Text Encoder (BERT), which is a standard BERT, is activated by an ITC (Image-Text Contrastive Loss, image Text contrast loss) objective function, which in the present embodiment is aimed at aligning the feature spaces of Image Encoder Transformer and Text Encoder Transformer. The BERT model is a language pre-training model proposed by Google AI (Artificial Intelligence ) institute.

Image-grounded Text Encoder (variant BERT) introduces visual features by inserting a Cross Attention (CA) module between Bi Self-Att and Feed Forward, based on the structure of the standard BERT. The Image-grounded Text Encoder is activated using ITM (Image-Text Matching Loss, image text matching loss) as an objective function. The ITM is a two-class task and is used for predicting whether the image-text pair is positive or negative, so as to learn the multi-modal representation of the image-text and adjust the fine granularity alignment between vision and language.

Image-grounded Text Decoder (variant BERT), which is obtained by replacing Bi Self-Att in the structure of Image-grounded Text Encoder with Causer Self-Att. Language Modeling Loss (LM) objective function activation is used in the embodiments of the present application, the goal of which LM is to generate a textual description of a given image.

Illustratively, before the converting the picture into text based on the graphic conversion model, the method includes: acquiring a BLIP model and acquiring a title training data set; the BLIP model is a pre-training model; and performing migration learning on the BLIP model based on the title training data set to obtain a graphic conversion model.
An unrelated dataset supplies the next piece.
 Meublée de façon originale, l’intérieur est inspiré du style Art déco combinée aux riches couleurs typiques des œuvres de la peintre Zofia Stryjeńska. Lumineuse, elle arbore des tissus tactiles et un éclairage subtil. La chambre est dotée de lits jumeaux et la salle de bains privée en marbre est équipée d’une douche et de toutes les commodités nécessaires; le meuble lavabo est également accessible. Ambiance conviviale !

Since the open-source BLIP model is widely used in the field of text generation for pictures and is an english expression, and the BLIP model is an AI large model, it consumes a large amount of resources to train the model from scratch. In the embodiment of the application, the field of malicious websites is only classified and identified, so that the BLIP model is subjected to transfer learning through the title training data set, which is a fine tuning process, and the training speed of training to obtain the BLIP model can be improved. Wherein, the pre-training model of the BLIP model, namely the source model, can be obtained through downloading the https:// gitsub.
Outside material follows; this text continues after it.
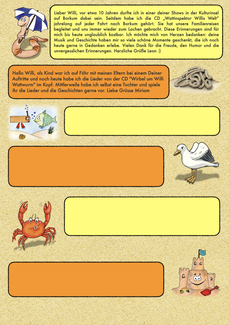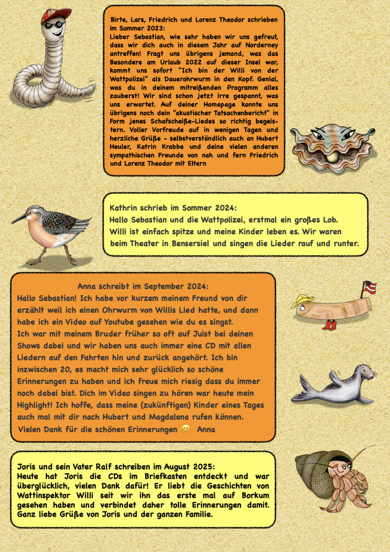 Liebe Freundinnen und Freunde der Wattpolizei, nachdem ich immer und immer wieder viele viele Spambeiträge vom Gästebuch löschen musste, habe ich mir nun eine andere Lösung überlegt: Schreibt doch einfach eine Mail an Willi, Katrin, Hubert oder Magdalena und ich setze die dann in so ein buntes Textfeld ein. Also los ... worauf wartet Ihr noch? Euer Platz auf diesem neuen Gästebuch ist für Euch schon reserviert!

Exemplary, the performing migration learning on the BLIP model based on the title training data set to obtain a graphic conversion model includes: initializing parameters of an output layer of the BLIP model, and adjusting random seed numbers of the BLIP model; and performing migration learning on the BLIP model with the parameters adjusted based on the title training data set to obtain a graphic conversion model.

It should be noted that in the process of migration learning, a new neural network model, i.e., a target model, needs to be created, because the output layer of the source model is closely related to the labels of the source data set, and the output layer of the target model needs to be closely related to the labels of the title training data set. Thus, the target model does not replicate the output layer and its parameters on the source model, but replicates all model designs and their parameters on the source model except for the output layer.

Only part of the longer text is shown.